I loved 'A little Piece of the Sun', can I borrow 'Child 44'?

That Fuzzy Bastard said...

Hunh! Both sound pretty intriguing to me…

The whitewashing of the Tsar is sadly chronic in Western writings on Russia---there's a bad habit of thinking that what came after was so bad that the Tsar's look pretty good by comparison. Which is not entirely untrue, but can leave readers with a weirdly distorted sense of how the revolution happened (life under the Tsars really was very, very bad, although 1905-1914 were an exceptionally bright spot). But is it really Tsar Alexander he's investigating, not Nicholas II, who was killed by the Bolsheviks? That would be kind of neat.

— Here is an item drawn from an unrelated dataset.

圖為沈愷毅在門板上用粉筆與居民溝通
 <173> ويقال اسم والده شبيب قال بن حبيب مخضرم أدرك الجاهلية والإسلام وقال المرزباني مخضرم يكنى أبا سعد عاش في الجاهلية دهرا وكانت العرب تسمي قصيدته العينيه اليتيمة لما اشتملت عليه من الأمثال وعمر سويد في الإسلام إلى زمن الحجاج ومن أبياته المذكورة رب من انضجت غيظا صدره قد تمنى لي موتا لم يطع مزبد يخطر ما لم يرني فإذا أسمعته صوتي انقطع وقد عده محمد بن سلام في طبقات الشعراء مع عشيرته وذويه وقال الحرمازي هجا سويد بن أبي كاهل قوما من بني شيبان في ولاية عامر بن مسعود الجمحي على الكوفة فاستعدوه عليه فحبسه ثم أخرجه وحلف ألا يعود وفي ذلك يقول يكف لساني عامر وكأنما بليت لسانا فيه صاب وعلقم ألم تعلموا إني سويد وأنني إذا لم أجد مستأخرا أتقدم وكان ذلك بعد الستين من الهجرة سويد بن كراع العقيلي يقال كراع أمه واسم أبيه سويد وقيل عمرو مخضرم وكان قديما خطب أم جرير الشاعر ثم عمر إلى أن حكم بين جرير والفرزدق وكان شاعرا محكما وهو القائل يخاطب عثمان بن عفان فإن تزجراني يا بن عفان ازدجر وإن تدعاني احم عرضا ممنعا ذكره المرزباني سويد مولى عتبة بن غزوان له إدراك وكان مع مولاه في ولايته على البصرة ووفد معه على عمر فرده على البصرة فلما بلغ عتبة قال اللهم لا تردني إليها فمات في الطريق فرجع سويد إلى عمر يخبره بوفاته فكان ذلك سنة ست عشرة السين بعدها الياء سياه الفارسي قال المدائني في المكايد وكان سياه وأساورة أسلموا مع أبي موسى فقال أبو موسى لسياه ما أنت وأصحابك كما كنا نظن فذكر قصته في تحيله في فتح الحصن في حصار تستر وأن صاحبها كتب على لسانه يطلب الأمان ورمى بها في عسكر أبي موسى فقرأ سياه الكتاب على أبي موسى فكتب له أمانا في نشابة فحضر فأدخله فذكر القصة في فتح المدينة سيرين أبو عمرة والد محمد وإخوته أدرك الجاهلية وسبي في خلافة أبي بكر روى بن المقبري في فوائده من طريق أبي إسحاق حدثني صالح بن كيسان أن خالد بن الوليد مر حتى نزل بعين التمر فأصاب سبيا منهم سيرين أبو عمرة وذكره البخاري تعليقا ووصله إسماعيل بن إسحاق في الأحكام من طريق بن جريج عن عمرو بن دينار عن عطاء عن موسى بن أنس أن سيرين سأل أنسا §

As for the other: Office politics as governance seems like a perfect description of Soviet life. I remember talking to a documentary director who'd lived through it, who had a lot to say about informing being the tool of first resort when you wanted a promotion, a better apartment, more desk space, or really anything anyone else had. But actually, office politics only sort of analogize, since most offices have at least some objective measures of success. Better to imagine a whole country, with a massive apparatus of state violence, run like a college English department, with all the subtle politicking, bitter rivalries, and maddening lack of objective standards.

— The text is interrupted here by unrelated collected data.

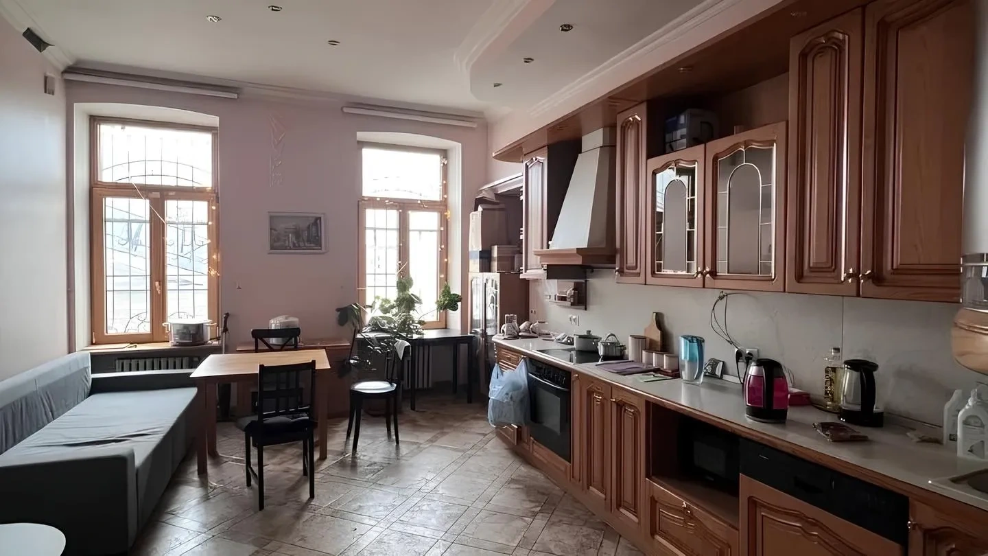 Свет, проникающий через высокие окна, подчеркивает простор помещений и исторические детали, создавая уникальную атмосферу аутентичности и комфорта.
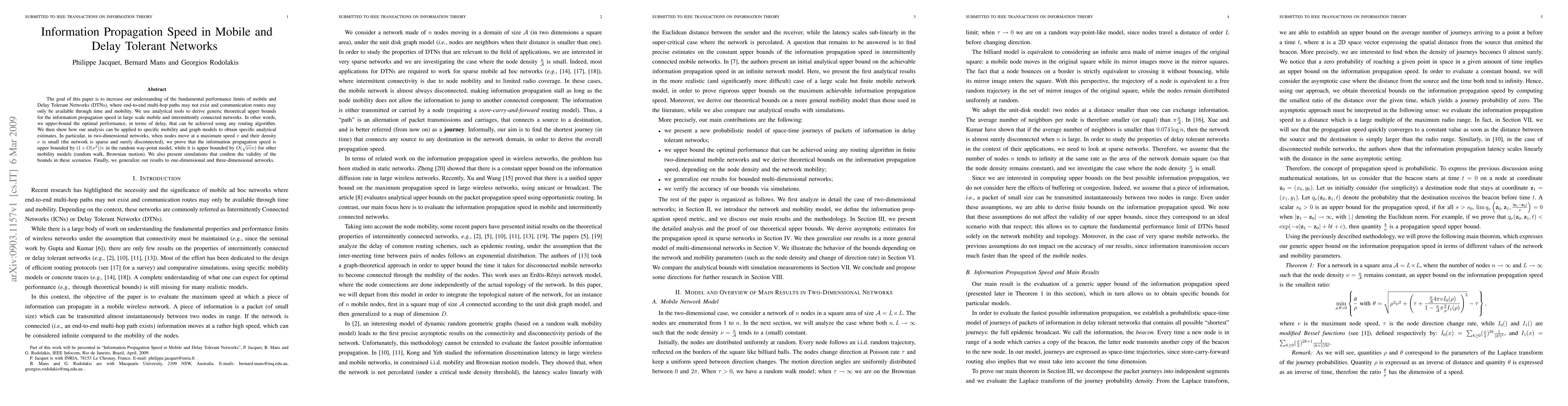 This paper investigates the theoretical upper bounds for information propagation speed in mobile and Delay Tolerant Networks, deriving specific analytical estimates for various mobility models and confirming these bounds through simulations. The results show that in sparse, two-dimensional networks, the propagation speed is upper bounded by ($1+O(\nu^2))v$ in the random way-point model and $O(\sqrt{\nu v} v)$ for other models.
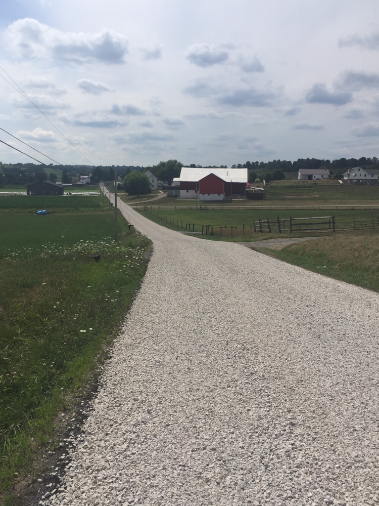 아미시 마을이 아름답고 다 좋은데 딱 한 가지 불만이 있었다. 멀쩡한 길바닥에 자갈을 뿌려놨다... 아마 마차들이 다니기 더 편하라고 해놓은 것 같은데, 내가 차를 탔다면 상관 안 하겠지만 짐을 잔뜩 실은 로드 자전거이기에 넘어질까 조마조마하면서 탔다. 그런데 아미시 사람들은 이런 가파른 자갈길도 아무렇지도 않다는 듯이 오르더라.
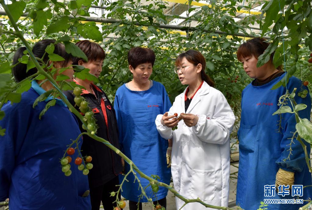 4月20日,范玉青在蔬菜大棚为工人讲解小西红柿管理技术。新华社记者 朱旭东 摄

For my money, it's the Czechs who really nailed the office politics of the Eastern bloc---Kundera, of course, but also the underrated Josef Skovesky. I haven't read The Miracle Game in a loooong time, but I remember being really striking in evocation of the lethargy, pettiness, and viciousness that marked the post-Stalin years.

Caviglia said...

No, I'm a moron. I meant Nicholas. This is what happens when one churns out three blog posts in one evening. In Eye, the white-washing of the Tsar is completely ludicrous. I was actually pretty kind to the book in my review. There were flashes of some really interesting stuff - like the protagonists drive through a model Soviet village that was set up for a Western press junket. But the author's historical and political sensibilities are pretty much entirely tone deaf.

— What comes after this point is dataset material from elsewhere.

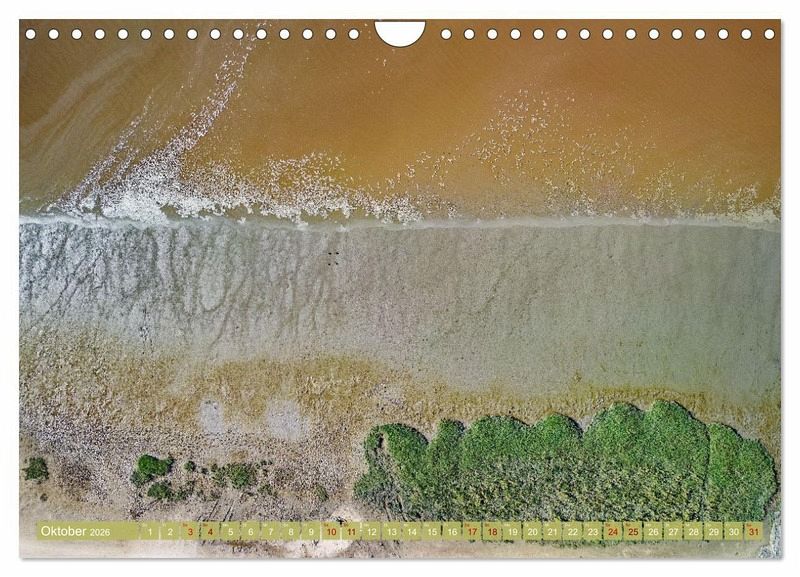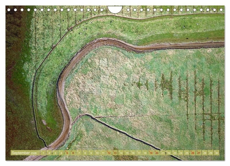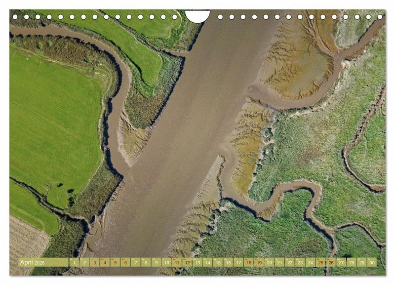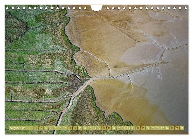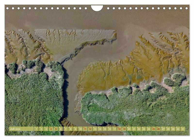 Vom Boden aus betrachtet bietet das Wattenmeer eher weniger spektakuläre Anblicke. Mit einer Drohne fotografiert eröffnen sich dagegen völlig unerwartete Ansichten und Einblicke, die Strukturen zu Tage fördern, die vom Boden aus weder zu erwarten noch zu erkennen sind. Die während einer viertägigen Fototour vom Dollart bis zur Wurster Nordseeküste aus Höhen zwischen 100 und 500 Metern entstandenen Bilder dieses Kalenders zeigen das Niedersächsische Wattenmeer aus einer völlig ungewohnten Perspektive.
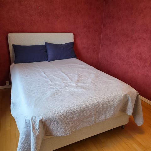 Dunvik med fast madrass. Ingen bäddmadrass följer med. Bra skön säng och man kan byta klädseln som även är tvättbar. Finns centralt i Midsommarkransen.

I actually read Child 44 a few months ago, and it's really stuck with me. The plot gets a little silly at the end - I think mostly because it is a genre exercise and the only way to end the story completely realistically would go like this: "and they all died in the Gulag. The end." Which would totally screw up his pre-sold sequel.

That Fuzzy Bastard said...

Hm---good to know, as I was about to put holds on both at the library. But I'm reading The Passage now, which is filling my quota of disappointing genre novels...

Caviglia said...

I would be curious to hear what you think of Child 44, as it has so many good things going for it. Eye is really pretty silly.

That Fuzzy Bastard said...

Btw, I'm amused that "Stalin" is now a category on your blog.

Caviglia said...

Well, I have Gulag Archipelago on my To read and blog about list, so it seemed like the thing to do.